13. A pharmaceutical composition comprising the vDRE of claim 9, and optionally a pharmaceutically acceptable carrier.

14. A method for (i) integrating a nucleic acid sequence of interest into the genome of a subject or cell, or (ii) for exchanging a nucleic acid sequence of interest in the genome of a subject or cell for a different nucleic acid sequence, wherein the cell does not include cells of the human germ line, the method comprising introducing into the cell the vDRE of claim 9.

15. A method for treating a genetic disease or disorder in a subject by integrating a donor nucleic acid into a target nucleic acid of the subject, wherein the method comprises the steps of: (i) providing the vDRE according to claim 1, in a therapeutically effective amount, and a donor nucleic acid, optionally allowing the vDRE to be expressed, and (ii) allowing the vDRE to integrate the donor nucleic acid into the target nucleic acid.

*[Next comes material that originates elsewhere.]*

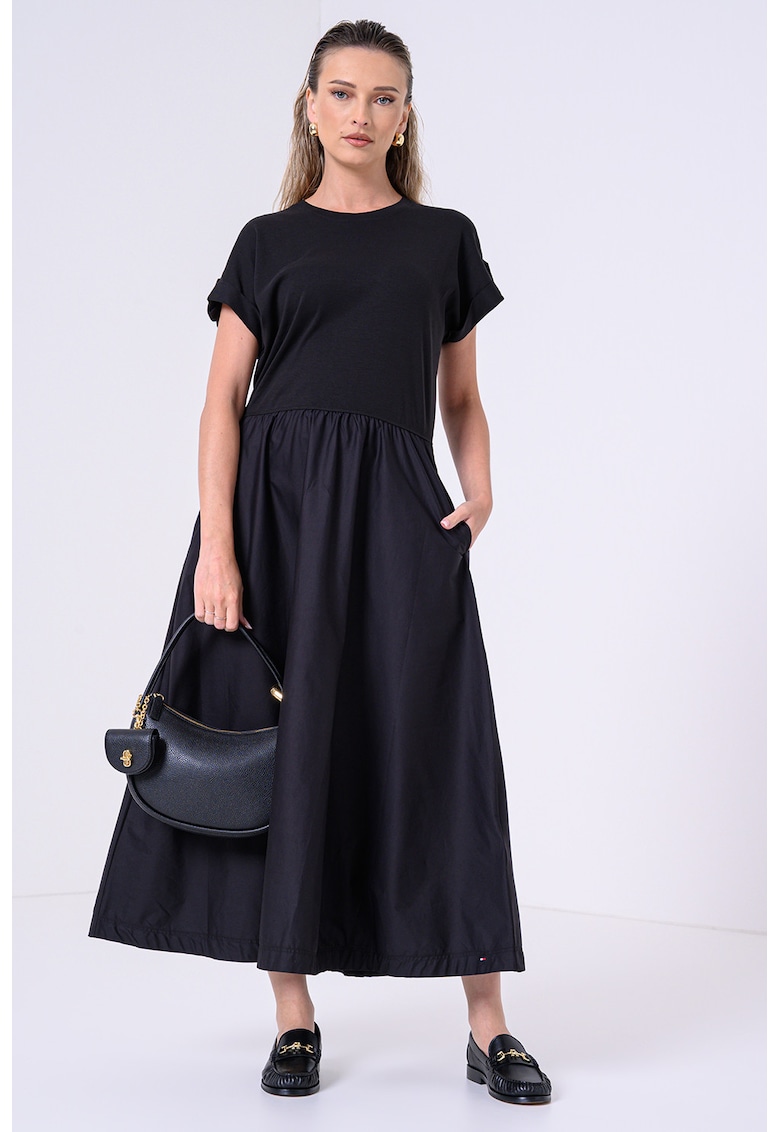 Caracteristici Culoare: negru Stil: casual Material: bumbac organic Imprimeu: uni Croiala: in a Lungime: midi Decolteu: rotund Lungime maneca: maneca scurta Buzunare: buzunare laterale Compozitie Exterior: 97% bumbac

16. A method for treating a genetic disease or disorder in a subject by exchanging a nucleic acid present in the genome of a subject or a cell, wherein the method comprises the steps of: (i) providing the vDRE according to claim 1, in a therapeutically effective amount, and a different nucleic acid that shall replace the nucleic acid in the genome of the subject or the cell, optionally allowing the vDRE to be expressed, and (ii) allowing the vDRE to exchange the nucleic acid in the genome of the subject or cell and insert the different nucleic acid.